Section 4301.73, Revised Code, declares any place where beer or intoxicating liquor is kept in violation of law to be a common nuisance. It seems apparent from the language of the statute that the ordinance does not conflict with that statute. Indeed, the ordinance and the statute seem complementary, rather than conflicting. As such, the rules in the Sokol and Scalera cases govern. Both the state and the municipality may exercise their police powers upon the same subject matter.
The same conclusion results from an examination of Liquor Control Commission regulation No. 1-55, which has the force of general law. No other regulation bears on the question before this court. See Neil House Hotel Co. v. Columbus, supra.

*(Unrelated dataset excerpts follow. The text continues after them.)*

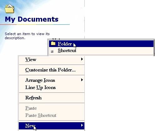 How to Make a New FolderThere are a couple of ways to do this. Bear in mind this is ONE of the ways. 1. Double click on your My Documents icon. ![]() 2. You should now be in your My Documents folder. 3. Right click anywhere on the solid color background. ![]() 4. Now click on New, and then on Folder 5. You will now see the New Folder ![]() 6. Since "New Folder" isn't a great name for the folder, right click on the folder ![]() 7. Now you click on Rename ![]() 8. The "box" under the Folder icon will now be highlighted in blue ![]() 9. Type in the name you want your new folder to be. ![]() |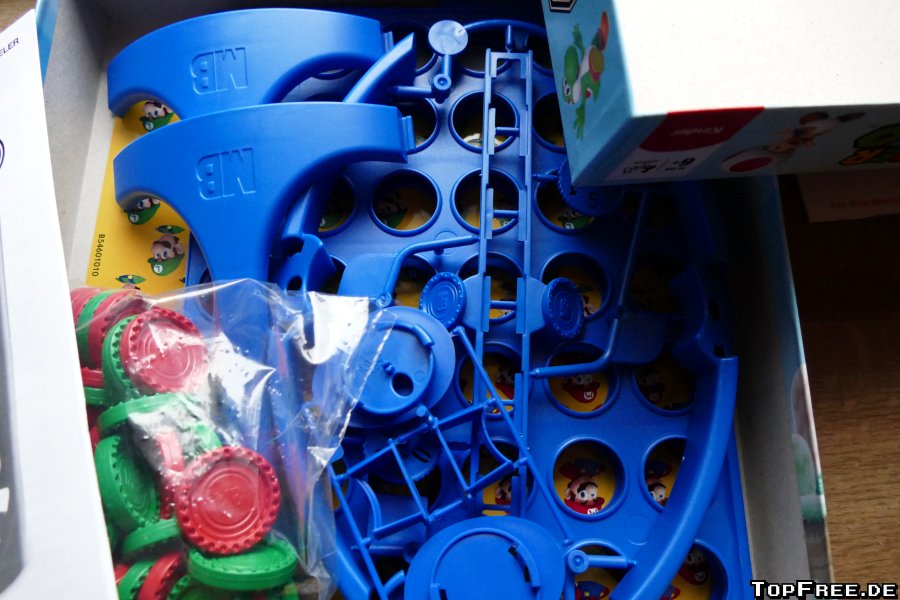 Das Spielprinzip sollte klar sein: Vier Chips seiner eigenen Farbe in einer Reihe (horizontal, vertikal oder diagonal) bedeuten den Sieg. Denn Vier gewinnt ist ein Spiel für zwei Spieler. Bei einem Unentschieden wird einfach nochmal gespielt. Bei der Variante mit Blocker, hat jeder Spieler einen Yoshi-Spielchip-Blocker. Dieser wird einfach in irgendein Loch gesteckt und alle darunterliegenden Steine sind nicht mehr erreichbar. Weitere Chips fallen einfach auf den Blocker drauf. Dabei kann ein solcher Blocker nur einmal platziert und nicht mehr verschoben werden. Dennoch kann der Blocker wieder entfernt werden, wenn man seinen Spielchip irgendwo in die oberste Reihe der Rasterwand legen kann. Danach kann man den gegnerischen Blocker entfernen, muss man aber nicht. Nochmal benutzt werden darf der Spielchip-Blocker nach dem Entfernen nicht mehr. Eine nette Variante, die das altbekannte Spielprinzip etwas auffrischt und für Abwechslung sorgt.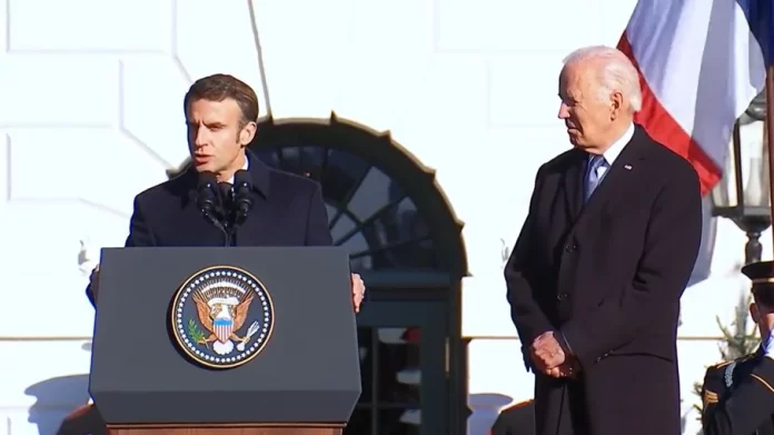 Macron acrescentou que as “democracias em ambos os lados do oceano estão sendo abaladas pelas mesmas dúvidas quanto à nossa capacidade de sermos fortes e eficazes quando se trata dos desafios compartilhados”.

While pre-emption by implication has been held to exist in the area of state and local taxation (State, ex rel. Zielonka v. Carrel [1919], 99 Ohio St. 220, 124 N. E. 134; Globe Security & Loan Co. v. Carrel [1922], 106 Ohio St. 43, 138 N. E. 364; Marion Foundry Co. v. Landes [1925], 112 Ohio St. 166, 147 N. E. 302), considerations of double taxation and tax sharing between the state and municipalities motivated the implication of pre-emption. See East Ohio Gas Co. v. Akron (1966), 7 Ohio St. 2d 73, 218 N. E. 2d 608; Grlander, Analysis and Critique of State Pre-emption of Municipal Excise and Income Taxes Under Ohio Home Rule, 21 Ohio State L. J. 343, 357 (1960). See, also, State, ex rel. Zielonka, v. Carrel, supra. These factors, however, are not relevant here.
The ordinance in the instant case is a valid exercise of the municipality’s police power. It bears a real and substantial relation to the public health, safety, morals and general welfare of the public, and is not unreasonable, arbitrary or capricious. See Matz v. J. L. Curtis Cartage Co. (1937), 132 Ohio St. 271, 7 N. E. 2d 220.
Therefore, the Court of Appeals was in error in its judgment and such judgment is reversed.
Judgment reversed.
Concurrence Opinion
concurring in the judgment. I refrain from concurring in the syllabus for the reason that none of the facts supporting the conviction are reported. Therefore, the syllabus is not limited to the facts of this case and it may well apply, for example, to a person who happens to store in the privacy of his home one container of beer owned by a relative, not a member of such person’s immediate household, but who is a frequent and legitimate guest therein. To the extent that the ordinance is designed to reach this evil, if it be such, I would have no hesitancy in striking it down.
It is clear from the record of this case, however, that the defendant’s “bottle club” was, in fact, a'business open to the public without the benefit of a liquor license issued by the proper state authority.